Is Environmentally-Friendly Agriculture Less Profitable for Farmers? Evidence on Integrated Pest Management in Bangladesh
World Bank - Development Research Group (DECRG)
Craig M. Meisner
The World Bank
World Bank - Policy Research Department
September 24, 2004
World Bank Policy Research Working Paper No. 3417
Concerns about the sustainability of conventional agriculture have prompted widespread introduction of integrated pest management (IPM), an ecologically-based approach to control of harmful insects and weeds. IPM is intended to reduce ecological and health damage from chemical pesticides by using natural parasites and predators to control pest populations. Since chemical pesticides are expensive for poor farmers, IPM offers the prospect of lower production costs and higher profitability. However, adoption of IPM may reduce profitability if it also lowers overall productivity, or induces more intensive use of other production factors. On the other hand, IPM may actually promote more productive farming by encouraging more skillful use of available resources. Data scarcity has hindered a full accounting of IPM's impact on profitability, health, and local ecosystems.
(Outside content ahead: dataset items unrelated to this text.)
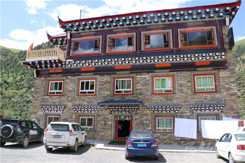 該酒店三樓一底,集餐飲、停車、住宿為一體,設單標間和套房共計22間38個床位,雇傭了3名當?shù)卮迕駧凸?,院內甚至配套了超市和茶樓;藏文化元素俯仰皆是,雕梁畫棟,?guī)模配備,儼已成為全縣鄉(xiāng)鎮(zhèn)一道亮麗風景。不論淡旺季,每間房價188元至258元不等。夏季正值入住高峰期,8月以來,幾乎天天客滿。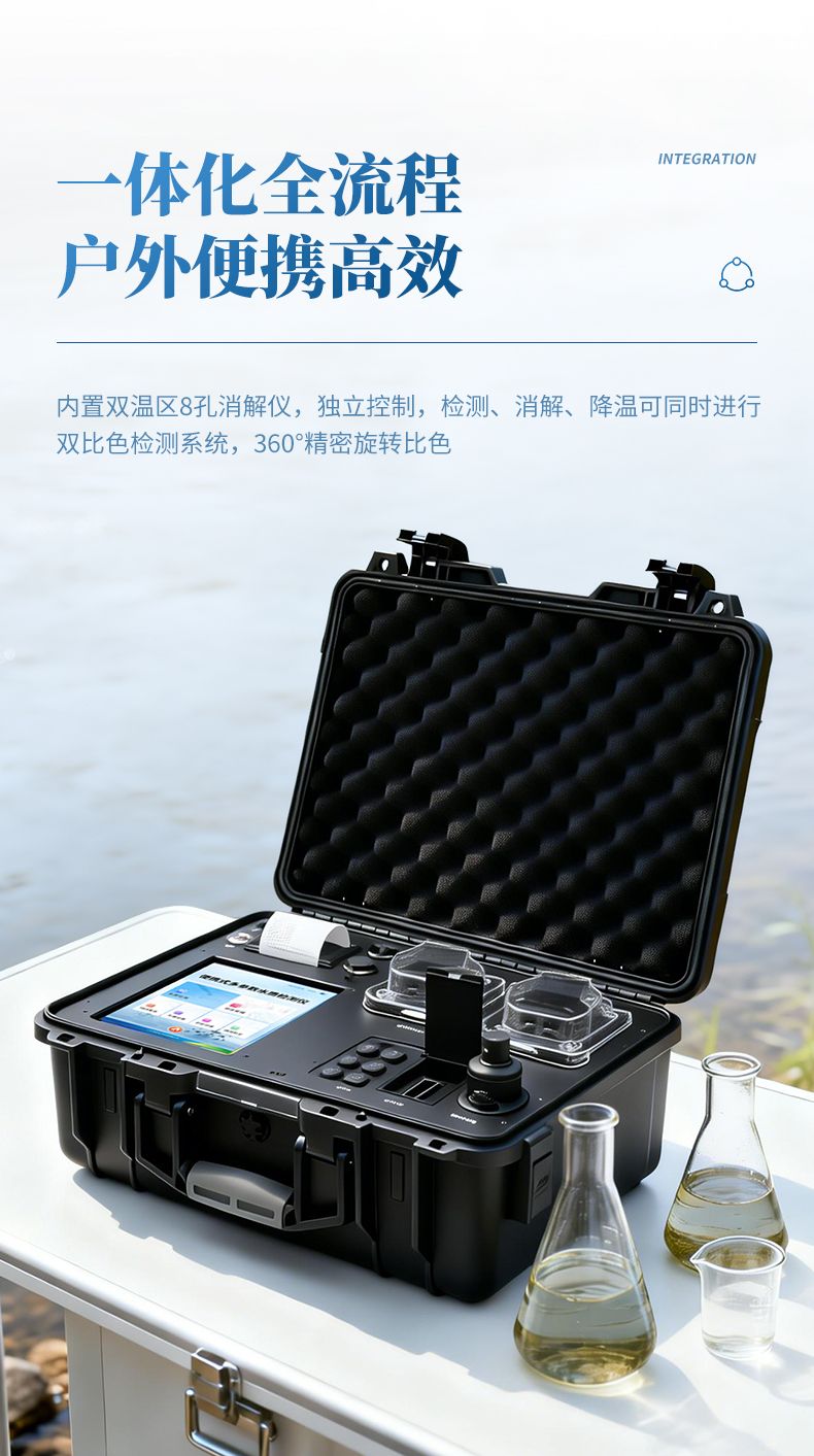 4.便攜一體式檢測設(shè)備,內(nèi)置大容量鋰電池,可一機(jī)實(shí)現(xiàn)戶外水樣消解、測定;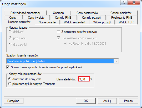 Przy doliczaniu kosztów zakupu do cen jednostkowych materiałów w kosztorysie, wskaźnik zostanie wczytany na zakładkę "Liczenie narzutów" w oknie "Opcje kosztorysu".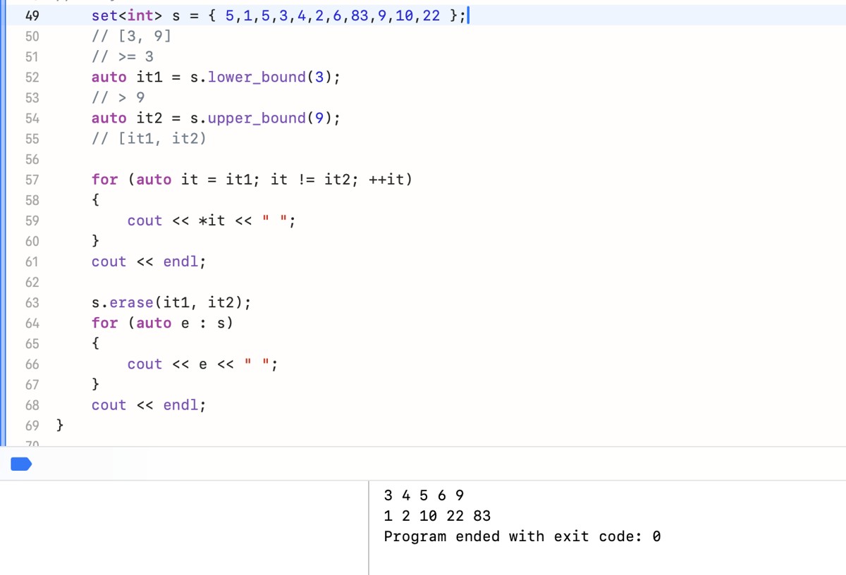cout << "val=4时,[lb, ub)区间长度:" << distance(lb, ub) << endl; // 输出0(无元素)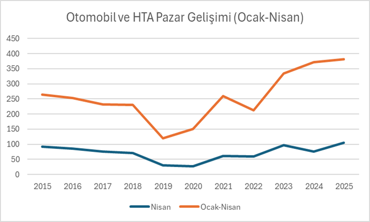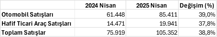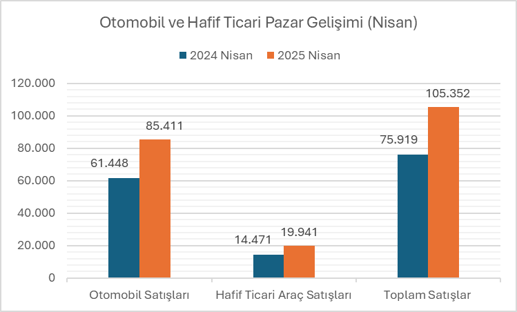 • Otomobil ve hafif ticari araç pazarı 2025 nisan ayında geçen yılın aynı ayına göre yüzde 38,8 oranında artarak 105.352 adet oldu.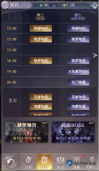 按小时分类展示全天活动安排,连次日行程都提前预告!快速扫一眼就能判断今日哪些活动能参与,再也不用担心错过限时玩法啦。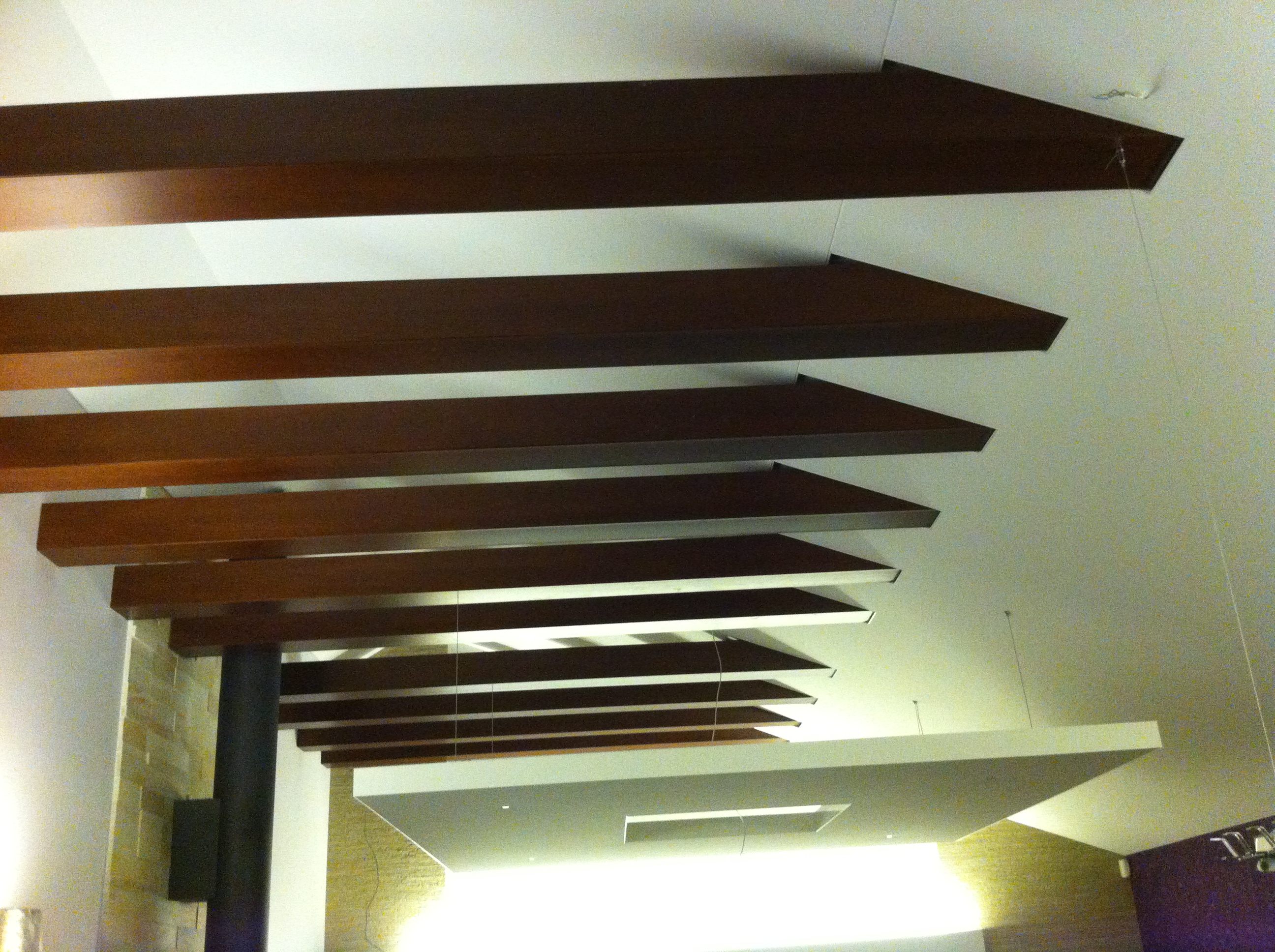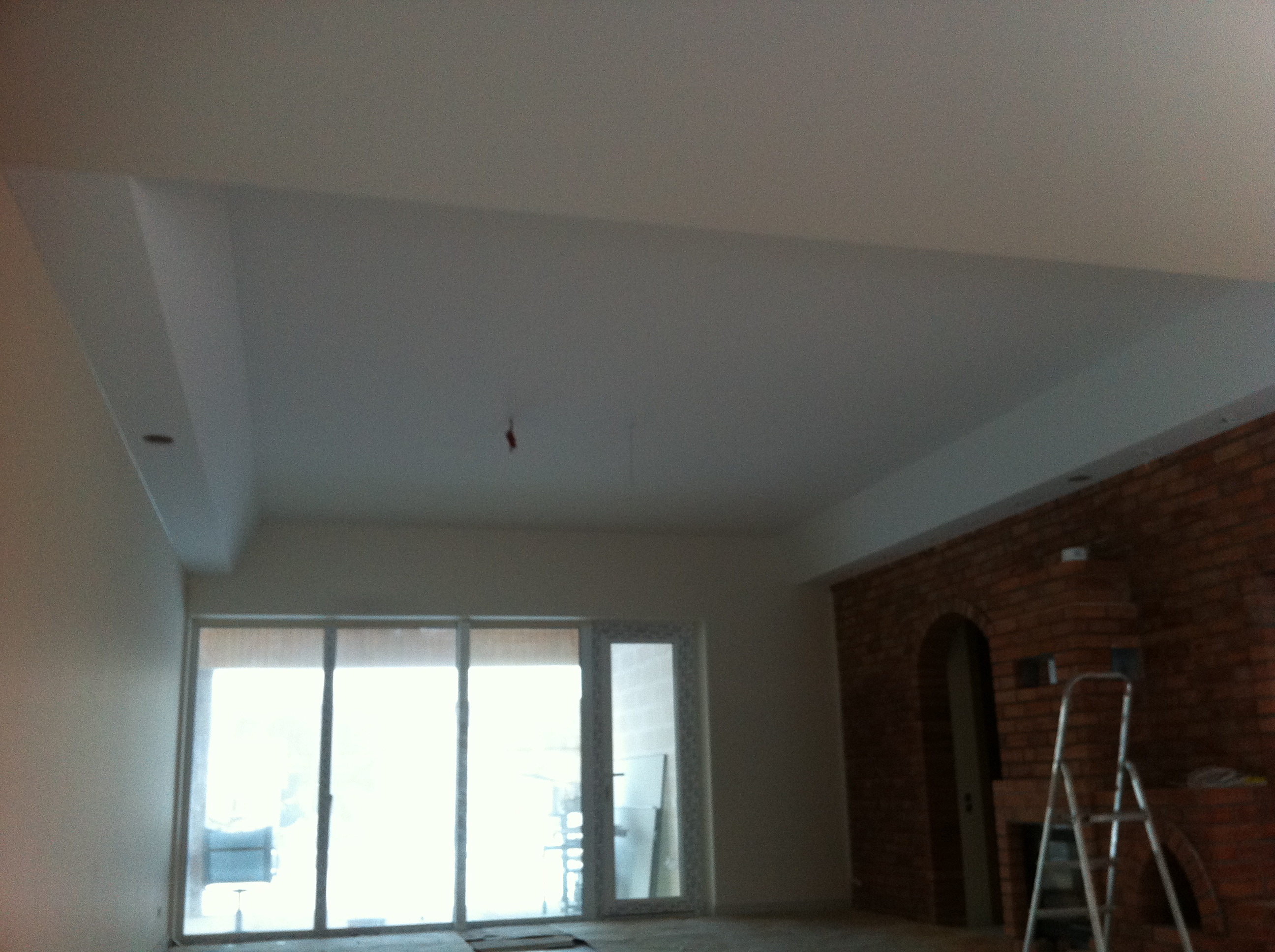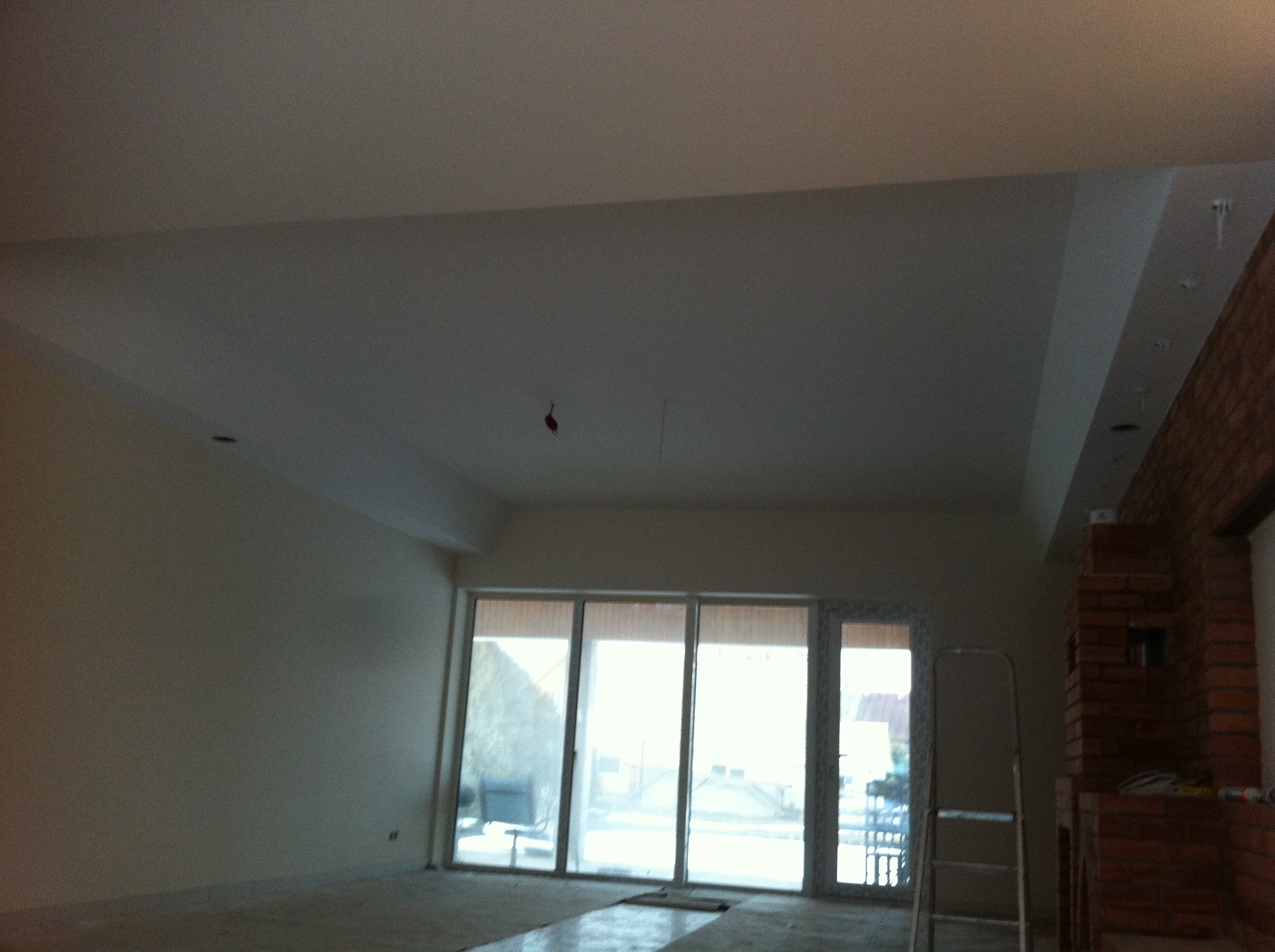 Buvo prašoma privačiame name sumontuoti „Clipso” audinio įtempiamas lubas. Vienoje patalpoje užsakovas pageidavo lubų dviejuose aukščiuose. „Clipso” montavimo technologija tai leidžia atlikti su minimaliais audinio jungimais, kurie neišsiskiria iš bendro lubų vaizdo. Antroje patalpoje teko apdirbti lubas, kuriose šlaitinė dalis jungiasi su plokščia ir kuriose sumontuotas medinės sijos, kurias reikėjo papildomai apdirbti, kad galėtume įtempti audinį. Antras iššūkis buvo papildomos pakabinamos lubos po sijomis. Joms sumontuoti mes panaudojme specialius „Clipso” profiliu, kurie jungiasi iš abiejų kraštų, taip užmaskuodami nepageidaujamas detales

Using new survey data, Dasgupta, Meisner and Wheeler attempt such an accounting for rice farmers in Bangladesh. They compare outcomes for farming with IPM and conventional techniques, using input-use accounting, conventional production functions, and frontier production estimation. All of their results suggest that the productivity of IPM rice farming is not significantly different from the productivity of conventional farming. Since IPM reduces pesticide costs with no countervailing loss in production, it appears to be more profitable than conventional rice farming. The interview results also suggest substantial health and ecological benefits. However, externality problems make it difficult for farmers to adopt IPM individually. Without collective adoption, neighbors' continued reliance on chemicals to kill pests will also kill helpful parasites and predators, as well as exposing IPM farmers and local ecosystems to chemical spillovers from adjoining fields. Successful IPM adoption may therefore depend on institutional support for collective action.
This paper - a product of the Infrastructure and Environment Team, Development Research Group - is part of a larger effort in the group to understand the economics of pesticide contamination in developing countries.